YOUR TASK
With the pictures left out, copy the records below exactly from the first line down to the line holding "2024年1月22日《中國組", and include that line.

[Start of Attachment]

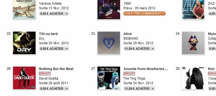 His “One of a Kind” MV previously reached #72 on the same chart as well, and is currently sitting at 91st place. Notably, YG Entertainment labelmate Psy is taking up 1st and 2nd place on the MV chart with “Gangnam Style” and HyunA‘s version, respectively. “Gangnam Style” is also still first on iTunes’ songs chart.
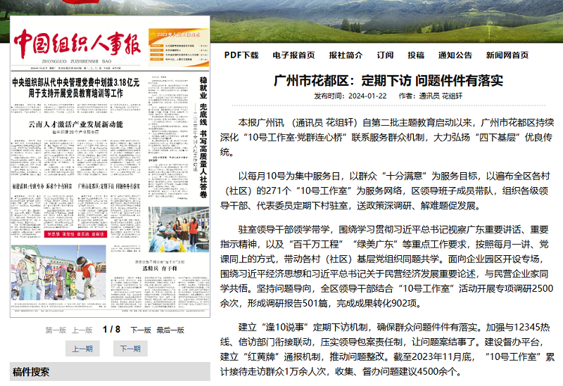 2024年1月22日《中國組織人事報》頭版報道《廣州市花都區:定期下訪 問題件件有落實》
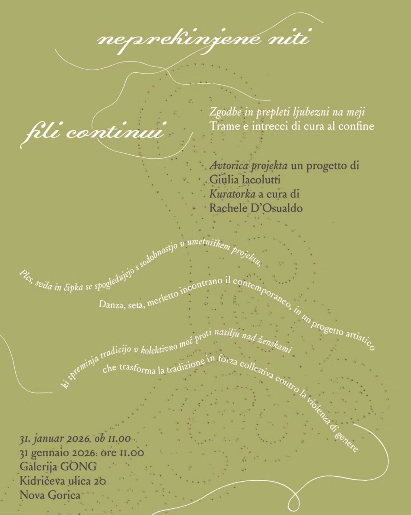 In occasione dell'apertura della mostra di Giulia Iacolutti, curata da Rachele D'Osualdo, Fili Continui, Radio Robida si trasferisce per un pomeriggio, dalle 14.00 alle 15.00, alla galerija Gong di Nova Gorica che ospiterà una chiacchierata live tra le Robide, Giulia, Rachele, e Antônio Frederico Lasalvia, autore dell'allestimento della mostra sul progetto Fili Continui.
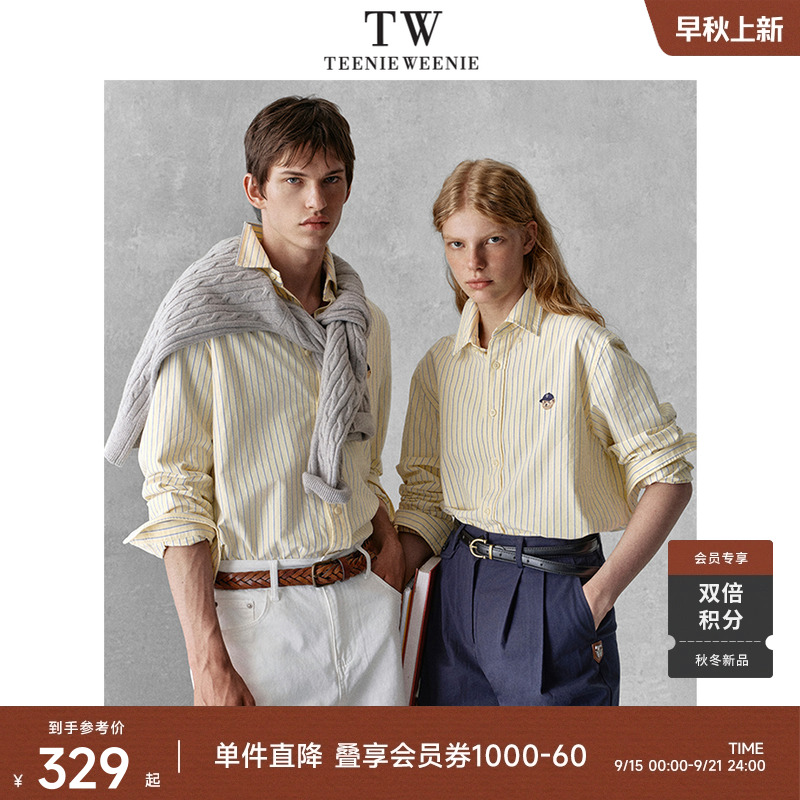 Teenie Weenie小熊男装休闲日常宽松牛津纺条纹提花翻领
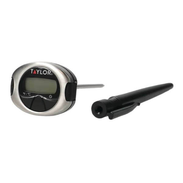 The Taylor Pro Professional Thermometer Probe is a compact, precise, and reliable tool for home and professional kitchens. Designed with a stainless steel probe and durable plastic housing, it delivers fast and accurate temperature readings from 50ยฐC to 230ยฐC. Its digital LCD display clearly shows readings, and the hold function locks the current temperature for easy recording. Switch effortlessly between Celsius and Fahrenheit with the touch of a button.
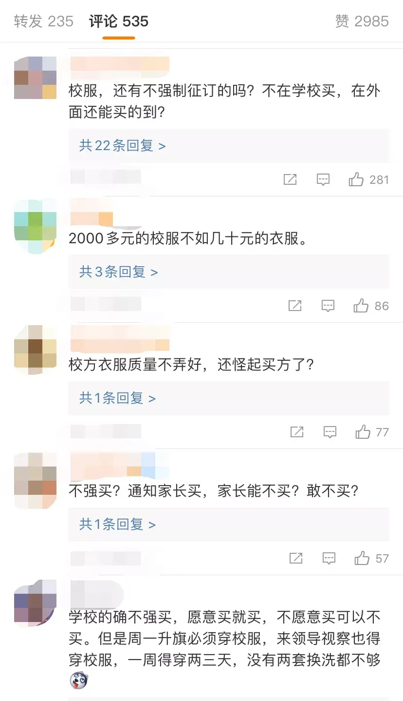 许多网友纷纷投诉他们学校的校服,价格贵、质量差,还不如十几块的衣服。
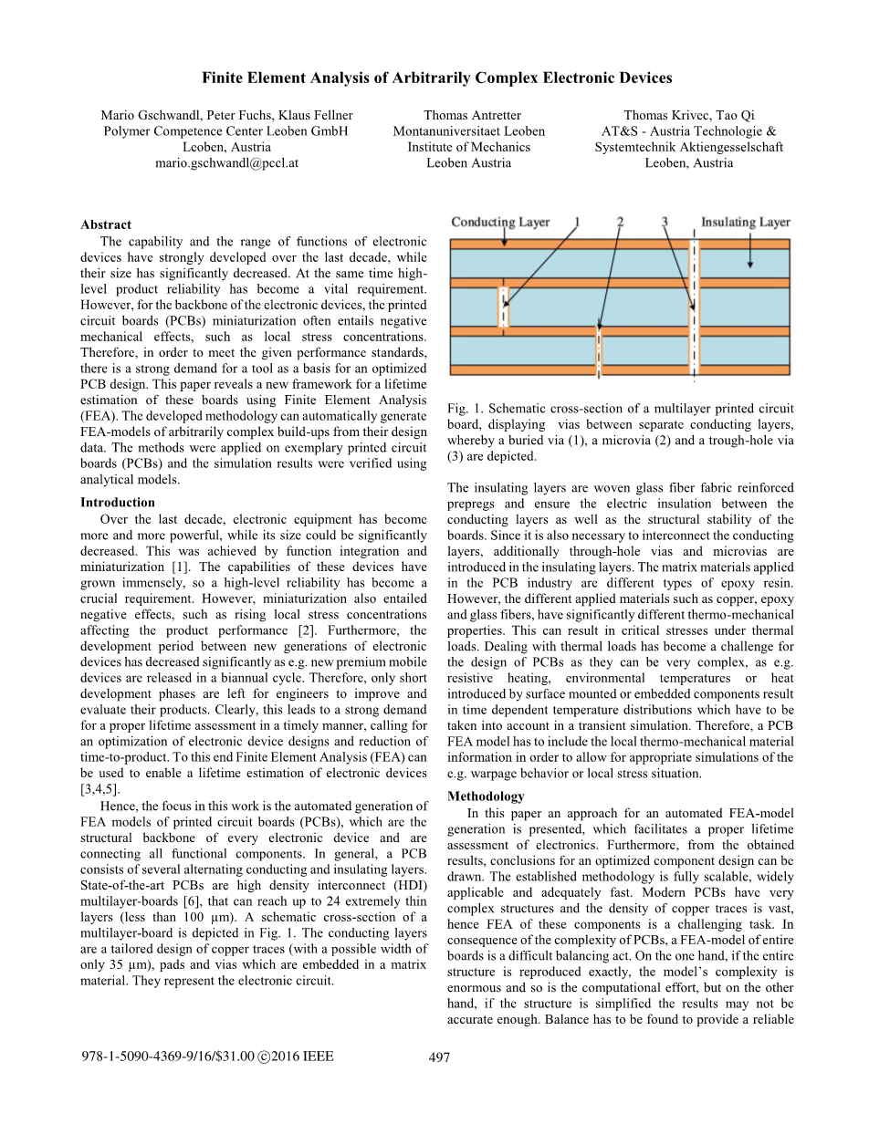 电子设备的功能和功能范围在过去十年中有很大程度的发展,然而他们的尺寸大小明显减少。 与此同时,高水平的产品可靠性已成为一个至关重要的要求。然而,对于电子设备的主干,印刷电路板(PCBs)小型化常常带来负面影响机械效应,例如局部应力集中。因此,为了满足给定的性能标准,存在对作为优化的基础的工具的强烈需求PCB设计。 本文揭示了一生的新框架使用有限元分析估计这些电路板板(FEA)。开发的方法可以从他们的设计数据自动生成任意复杂的FEA模型。 该方法应用于示例性印刷电路板(PCBs)和仿真结果验证使用分析模型。
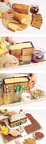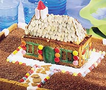 4. Elkészítjük a „tetőt”: a kúp alakú piskótát a házikó tetejére tesszük, és csokoládéval leöntjük (de vigyázzunk, a csokoládé ne folyjon le a ház „falára”!), és a mandulaforgácsokat egymásra téve, cserépszerűen befedjük. A „kéményhez” négyfelé vágott marcipánt teszünk a házikó tetejére, a közepébe pedig a zseléscukrot állítjuk. A házikó körül „kavicsos sétányt” csinálunk a kép szerint: fehér csokiforgácsot szórunk a tálcára, és a házikó elé piskótából „kavicsokat” rakunk.. A „sétány” széleit színes habcsókokkal díszítjük. A sétány körül szétszórjuk a csokidarát, a mézeskenyér szeleteiből és marcipándarabokból kerítést készítünk. Tálalásig hűtőbe tesszük.
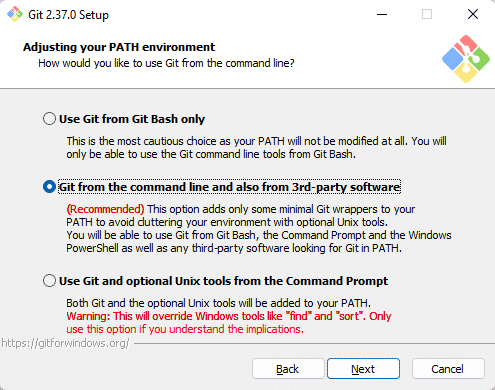 Quand on installe Git, il est livré avec Git Bash c'est-à-dire une console permettant d'utiliser Git. Néanmoins, on peut aussi l'utiliser au travers des autres consoles, notamment PowerShell et d'outils tiers, ce qui est recommandé. De ce fait, il faut bien ajuster la variable d'environnement PATH en choisissant "Git from the command line and also from 3rd-party software".
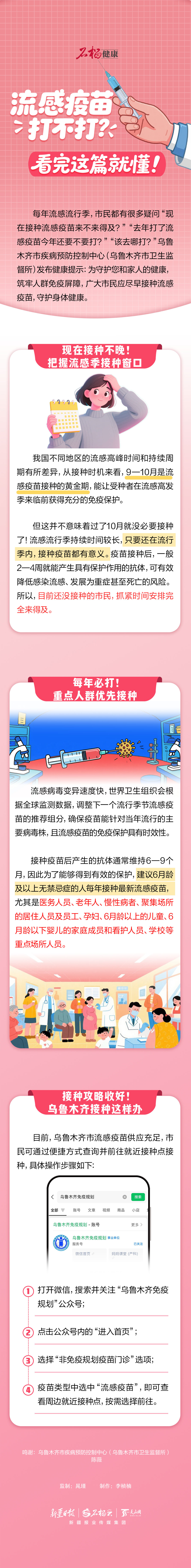 每年流感流行季,市民都有很多疑问“现在接种流感疫苗来不来得及?”“去年打了流感疫苗今年还要不要打?”“该去哪打?”乌鲁木齐市疾病预防控制中心(乌鲁木齐市卫生监督所)发布健康提示:为守护您和家人的健康,筑牢人群免疫屏障,广大市民应尽早接种流感疫苗,守护身体健康。

[End of Attachment]

TASK SOLUTION
 His “One of a Kind” MV previously reached #72 on the same chart as well, and is currently sitting at 91st place. Notably, YG Entertainment labelmate Psy is taking up 1st and 2nd place on the MV chart with “Gangnam Style” and HyunA‘s version, respectively. “Gangnam Style” is also still first on iTunes’ songs chart.
 2024年1月22日《中國組織人事報》頭版報道《廣州市花都區:定期下訪 問題件件有落實》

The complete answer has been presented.